TASK DETAILS:
Using the data that follows, give again word for word the lines between the one holding "This fresh kimchi" and the one holding "二是全力保障生活物資。疫情無", inclusive. Omit the pictures.

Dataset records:
****************************************

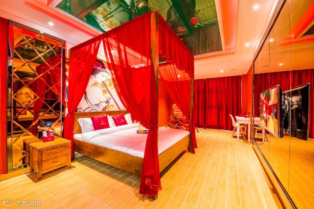 枫林晚发源于三亚,定位情侣主题酒店,品牌名称源自杜牧《山行》——“停车坐爱枫林晚”,以极强的辨识度和感染力诠释主题酒店不一样的风情。
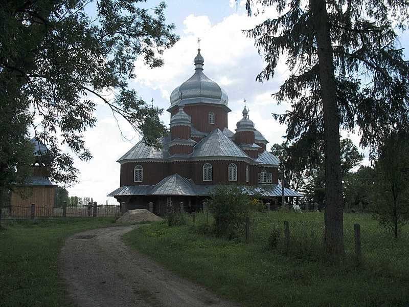 Дзвіниця і церква. Вигляд з позиції А1Розмір зображення: 800:600 піксел Фото Зенона Боровця і Богдана Тхора, 5 серпня 2011 р. |
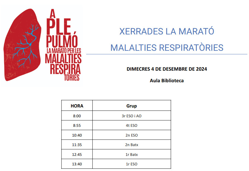 Dimecres 13 de desembre es portaran a terme a l’Institut les xerrades divulgatives sobre La Marató, que aquest any està dedicada a la salut sexual i reproductiva (SSIR). L’objectiu és acostar els joves a aquesta temàtica, que, segons els professionals de la salut, engloba… Llegeix més»
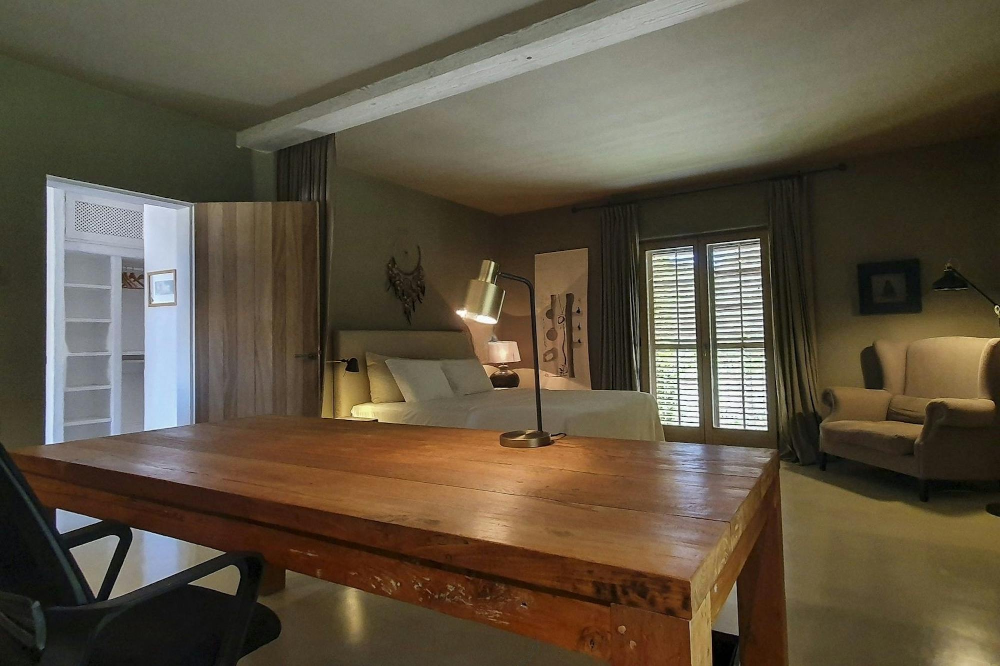 Minimalist and modern, with original stone walls and beamed ceilings, this relaxing stay is decorated in eggshell white hues and nature-inspired details, including live-edged wood furniture. The open-plan living room has a large built-in corner sofa with dove-grey cushions, a flatscreen TV, working fireplace, leather armchairs and large sliding glass doors that open onto an outdoor lounge and dining terrace, featuring inviting sofas and a rustic wooden dining table that seats up to 10 guests.
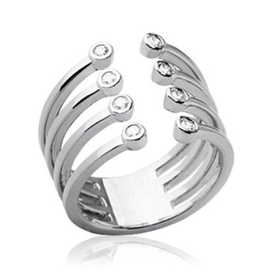 Bague ouverte 4 anneaux femme - argent massif 925 rhodié - zircons sertis
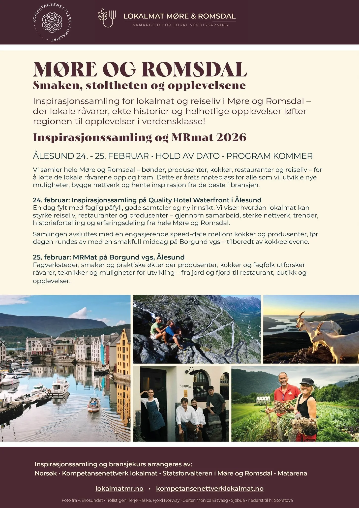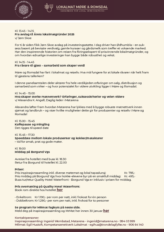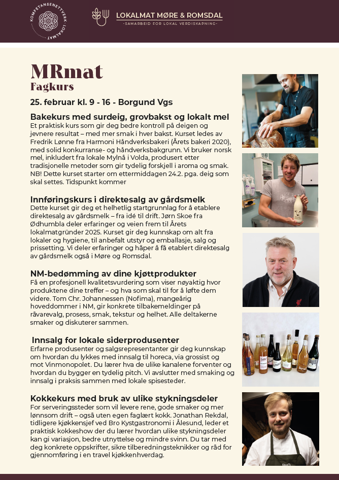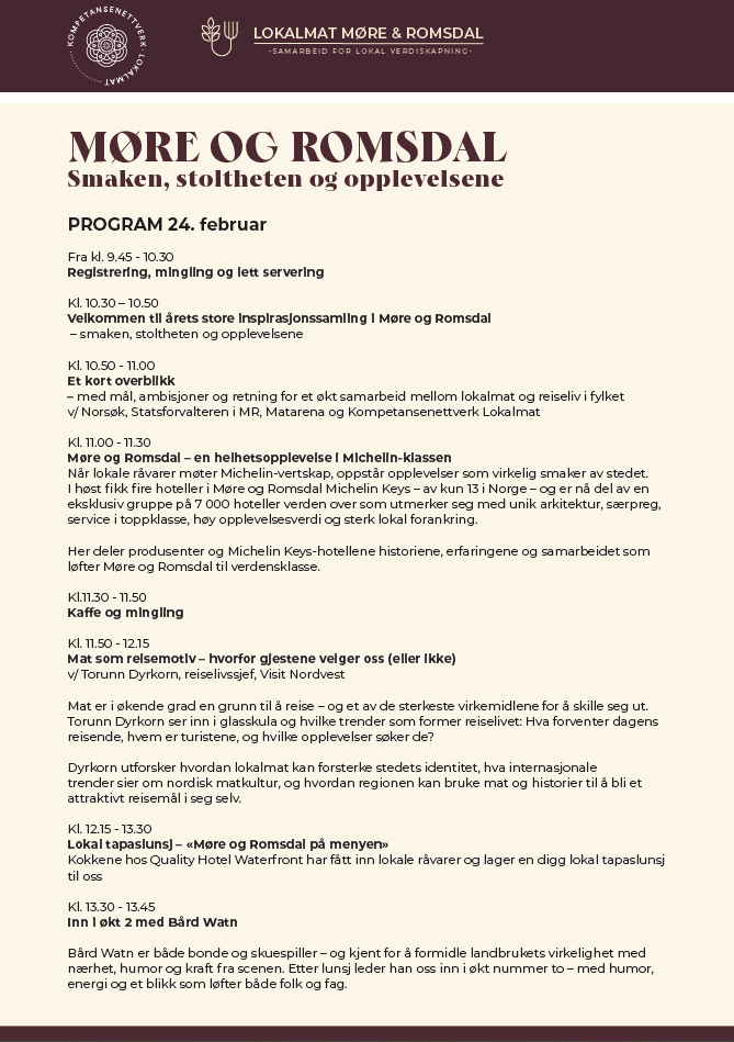 Se program under og meld deg på her så fort som mulig: Påmeldingsskjema - Lokalmat Møre og Romsdal kokk-bonde verksted 20. og 21. oktober
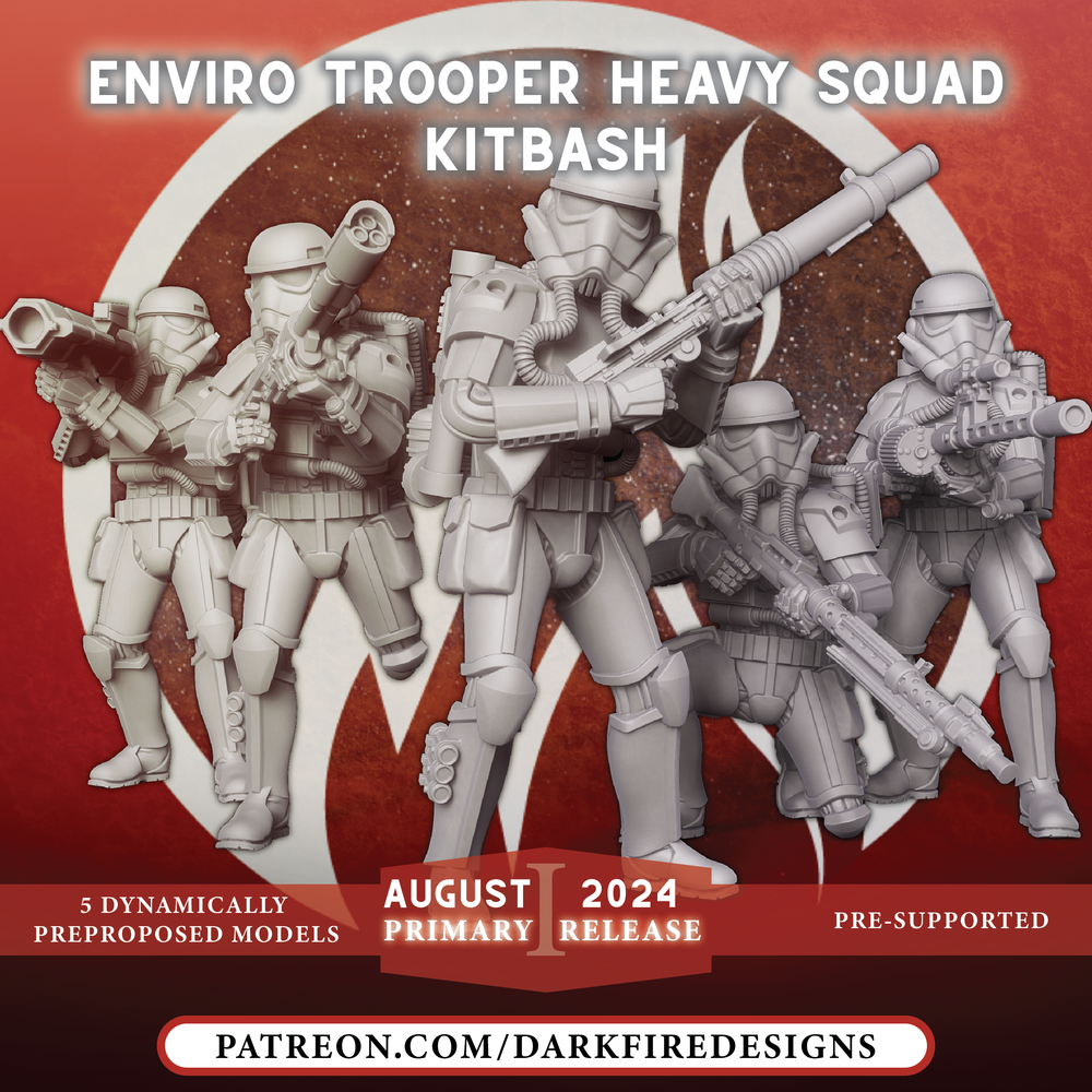 The squad comes with 5 core troopers (available in Mini, Parts & Kits versions), and 5 additional kitbash minis, non-hose helmet variant, and with the 5 weapons available separately for your kitbashing use!
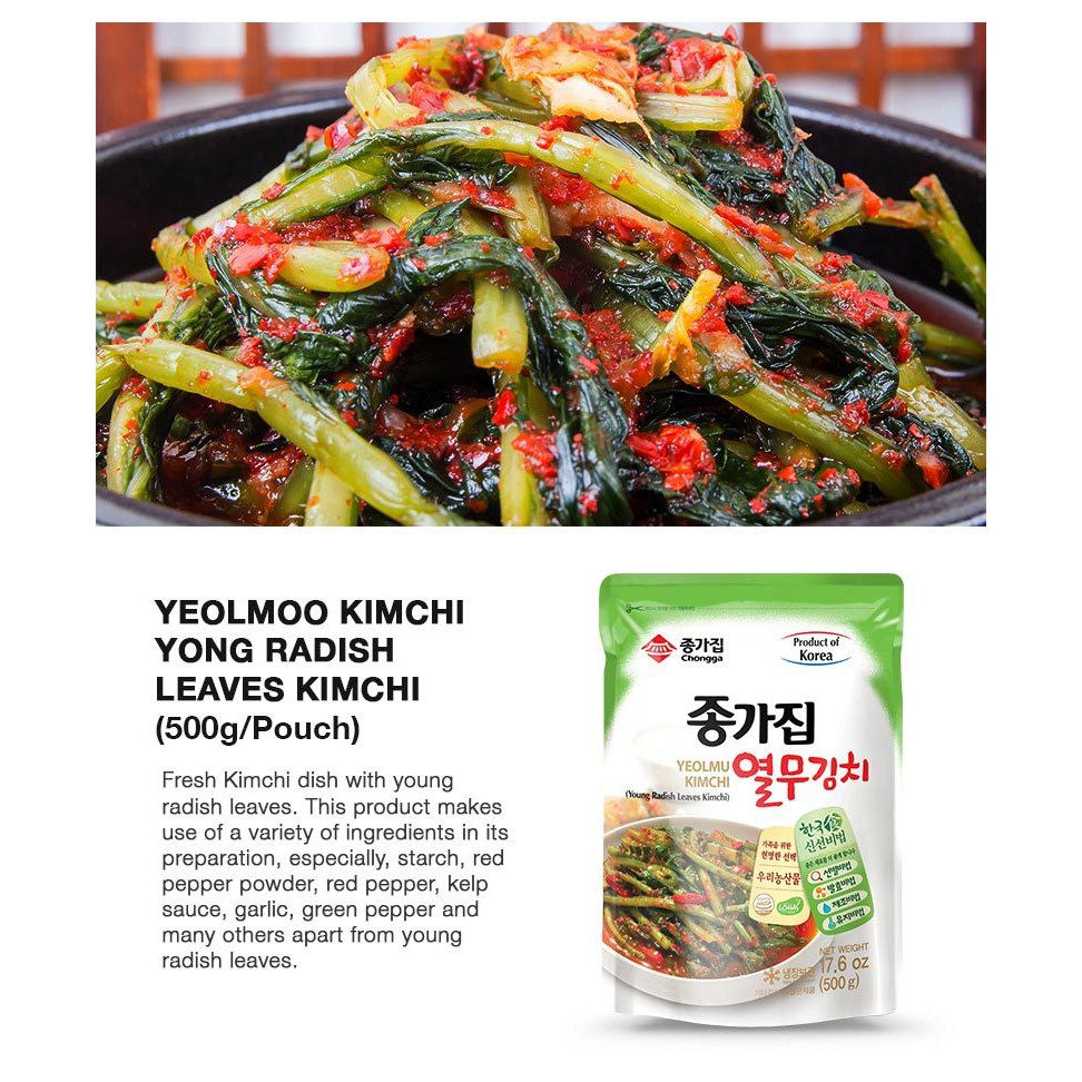This fresh kimchi is made with young radish leaves. The product uses a variety of ingredients in its preparation, especially starch, red pepper powder, red pepper, kelp sauce, garlic, green pepper and many others.
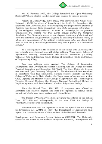 Finally, on January 22, 1998, DSAC was converted into Cavite State
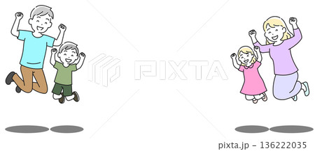 ジャンプする四人家族 ファミリー
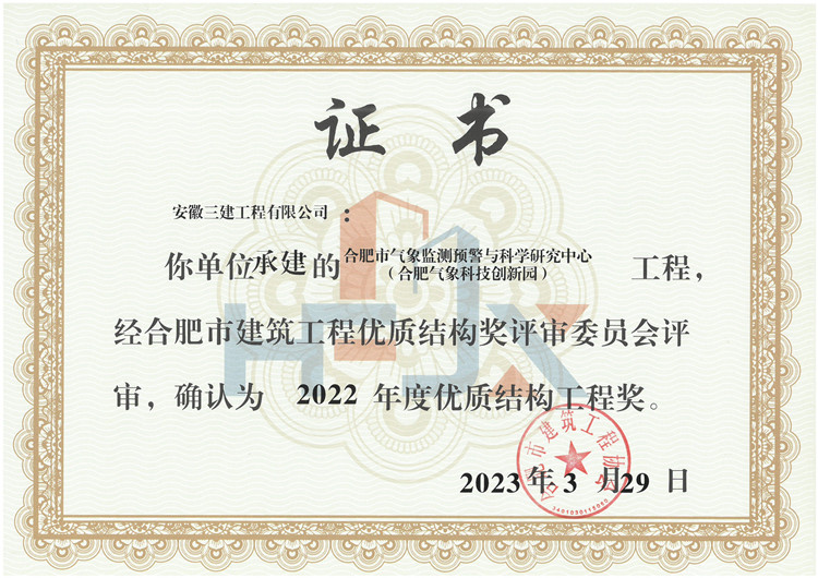 合肥市氣象監測預警與科學研究中心項目榮獲2022年度合肥市“優質結構工程”稱號
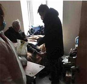 二是全力保障生活物資。疫情無情人有情,服務群眾無止境。針對小區(qū)物資供應不足、排隊購物時間長、人員集聚風險高等問題,積極與街道和社區(qū)協(xié)調,采取增派服務人手、增加物資配送批量、組織分區(qū)封閉配送、送“貨”送藥上門等便民利民措施,打通“最后一百米”梗阻,有序有力保障小區(qū)承租戶的基本生活需求。2月6日,風雪交加,時值小區(qū)封閉管理的第二天,房管員在電話巡訪中得知金水灣公租房小區(qū)承租戶孔大爺的求助,因隔離在家、腿腳不便,沒有購買生活物資,家中已停氣斷炊。保障房公司當即調派王圣飛、宋光琴、王臣華3名員工前往幫助其采購物資上門,并聯(lián)系開通燃氣。老人對“雪中送炭”之舉感激萬分。
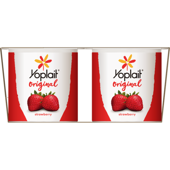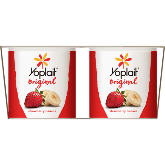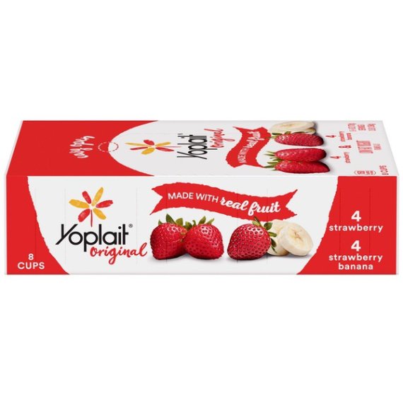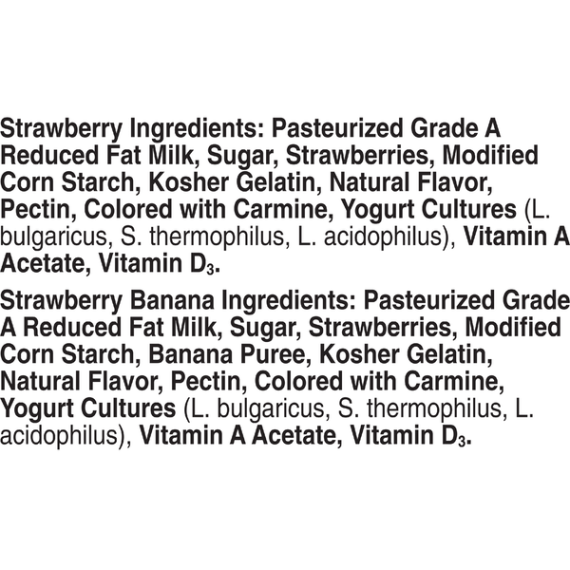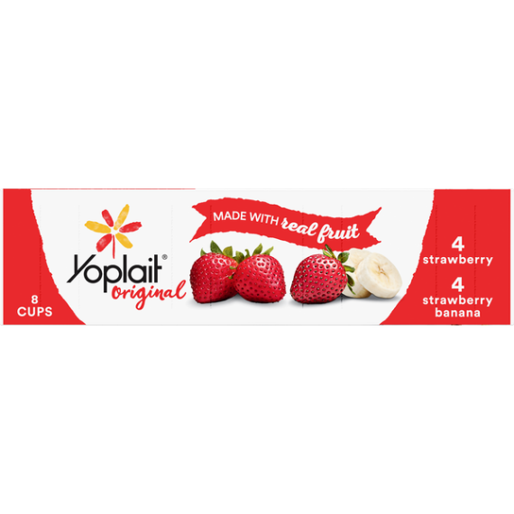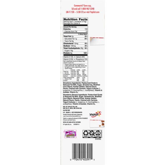Details       Ingredients  Strawberry: Cultured Pasteurized Grade A Reduced Fat Milk, Sugar, Strawberries, Modified Corn Starch, Kosher Gelatin, Natural Flavor, Colored with Carmine, Pectin, Vitamin A Acetate, Vitamin D3.Strawberry Banana: Cultured Pasteurized Grade A Reduced Fat Milk, Sugar, Strawberries, Modified Corn Starch, Banana Puree, Kosher Gelatin, Natural Flavor, Pectin, Colored with Carmine, Vitamin A Acetate, Vitamin D3.      Show more      Product features   FLAVORS FOR ALL: Original Yoplait in the flavors your family loves: strawberry and strawberry banana!      Variety Pack: Creamy original strawberry and strawberry banana yogurt for the perfect breakfast on the go or afternoon snack.   Made With Goodness: Yogurt contains no artificial flavors, no high fructose corn syrup and no colors from artificial sources.   Protein Packed: Yoplait yogurt is packed with 6g of protein per serving.   Low Calorie: Low fat yogurt has 150 calories per serving and the same smooth, delicious Yoplait taste.   Explore all our Yoplait varieties and flavors       Net Quantity of Content   4 X 1.0
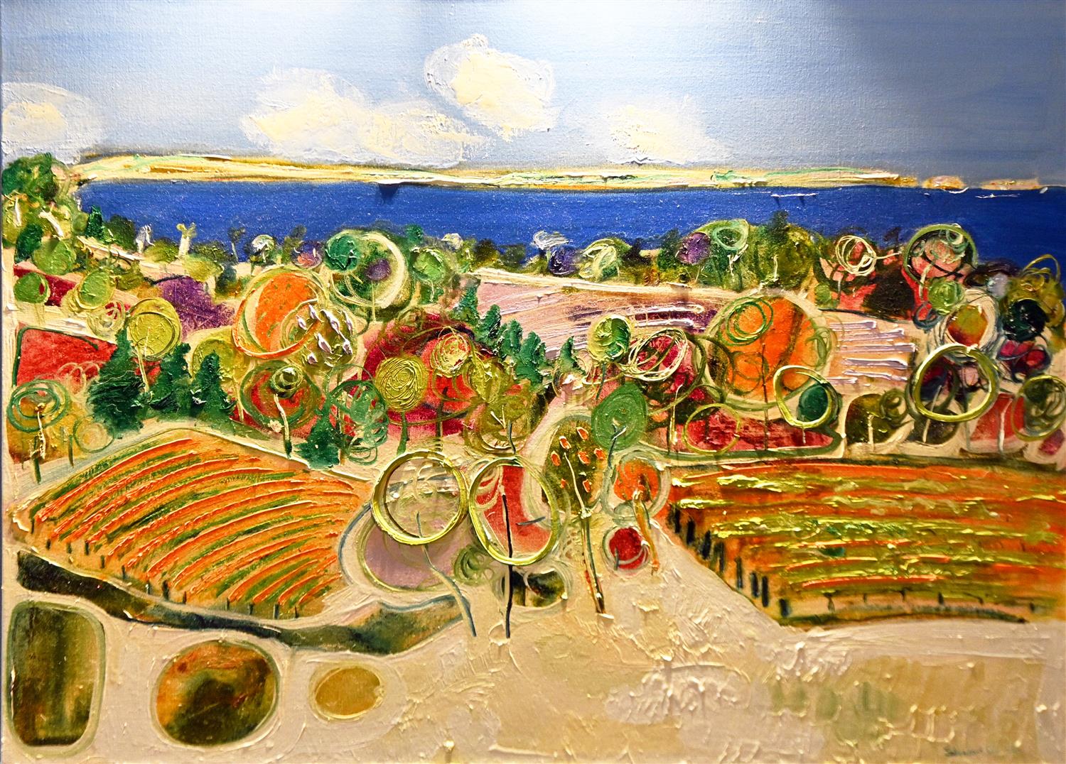 KEN KNIGHT, COASTAL LANDSCAPE, OIL ON BOARD, SIGNED LOWER LEFT, 57 X 75CM, FRAME SIZE: 77 X 94CM
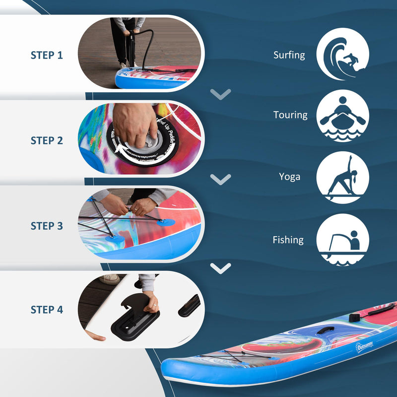- PADDLEBOARD CON ACCESSORI COMPLETI: Questa stand up paddle board gonfiabile è dotata di 1 pagaia regolabile in alluminio, 1 set di riparazione, 1 pompa d'aria, uno zaino e 3 pinne posteriori. Offre una stabilità ottimale per fare stand up paddling al lago e su acque calme.

****************************************

EXERCISE RESPONSE:
This fresh kimchi is made with young radish leaves. The product uses a variety of ingredients in its preparation, especially starch, red pepper powder, red pepper, kelp sauce, garlic, green pepper and many others.
 Finally, on January 22, 1998, DSAC was converted into Cavite State
 ジャンプする四人家族 ファミリー
 合肥市氣象監測預警與科學研究中心項目榮獲2022年度合肥市“優質結構工程”稱號
 二是全力保障生活物資。疫情無情人有情,服務群眾無止境。針對小區(qū)物資供應不足、排隊購物時間長、人員集聚風險高等問題,積極與街道和社區(qū)協(xié)調,采取增派服務人手、增加物資配送批量、組織分區(qū)封閉配送、送“貨”送藥上門等便民利民措施,打通“最后一百米”梗阻,有序有力保障小區(qū)承租戶的基本生活需求。2月6日,風雪交加,時值小區(qū)封閉管理的第二天,房管員在電話巡訪中得知金水灣公租房小區(qū)承租戶孔大爺的求助,因隔離在家、腿腳不便,沒有購買生活物資,家中已停氣斷炊。保障房公司當即調派王圣飛、宋光琴、王臣華3名員工前往幫助其采購物資上門,并聯(lián)系開通燃氣。老人對“雪中送炭”之舉感激萬分。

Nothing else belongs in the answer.